# where and how should i market my custom apparel business in local government offices? what department should i contact? who should i contact?



## lliwnhoj (Jul 16, 2013)

where and how should i market my custom apparel business in local government offices? 
what department should i contact? is it the family and recreation office on every city? I live in azusa city within los angeles county california
who should i contact? is it the director of family and recreation service on every city or do i need to talk to the purchasing department or the buyer?
i need everyones help on these. I am a beginner. any tips, advices, comments, suggestions, recommendations base on your experience marketing in government

how do i market in government offices? should i send an email, call, visit in person, mail?


----------



## charles95405 (Feb 1, 2007)

I don't believe you will be allowed to solicit business in any government office...city, county, state or federal.
If you want to open kiosk or booth, you will need to contact the local agency's legal section. If you want to sell to the government, you will need to contact the purchasing department or the office. I am quiet sure that you will not be permitted to sell to government employees within the government buildings. you might get by with posting flyers on cars but again that could lead to some complaints..

My comments are based solely on my own experience with employment at various goverment levels over 3 decades...but good luck in your venture


----------



## headfirst (Jun 29, 2011)

lliwnhoj said:


> where and how should i market my custom apparel business in local government offices?
> what department should i contact? is it the family and recreation office on every city?
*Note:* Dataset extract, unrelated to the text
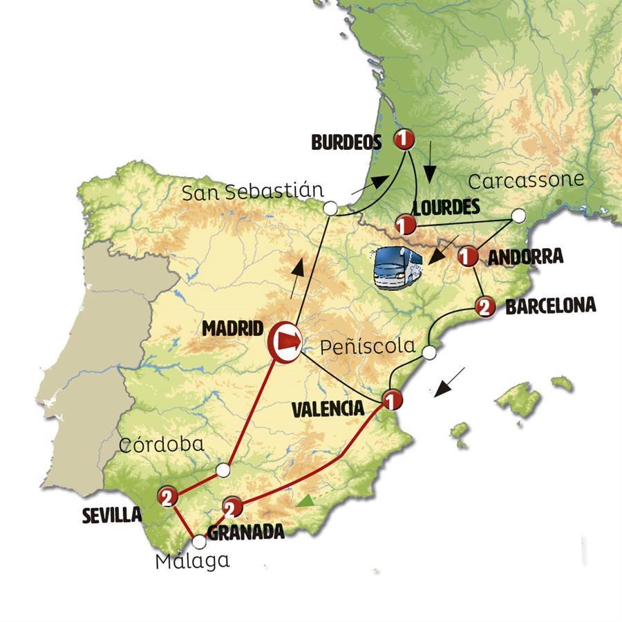 Viajamos hacia el sur siguiendo el Mediterráneo. Una parada en PEÑISCOLA, pequeña ciudad medieval amurallada rodeada por hermosas playas. Tiempo para un paseo. Seguimos a VALENCIA, ciudad portuaria de la costa levantina donde llegaremos a la hora del almuerzo. ¿Probará su paella?. Sobre las 16:30 h salimos y tras realizar una breve parada en la vanguardista Ciudad de las Artes y las Ciencias de Valencia, seguiremos hacia MADRID. Llegada prevista sobre las 20:30 / 21.00hrs. Nota: Si el número de viajeros de Valencia a Madrid es muy limitado, el viaje podrá efectuarse en tren de alta velocidad.

I live in azusa city within los angeles county california
> who should i contact? is it the director of family and recreation service on every city or do i need to talk to the purchasing department or the buyer?
> i need everyones help on these. I am a beginner. any tips, advices, comments, suggestions, recommendations base on your experience marketing in government
> ...


Usually this type of work is put out to bid. Around us the local municipalities run their own bid mailing lists. You get added to the list and then they send out the bid packet. 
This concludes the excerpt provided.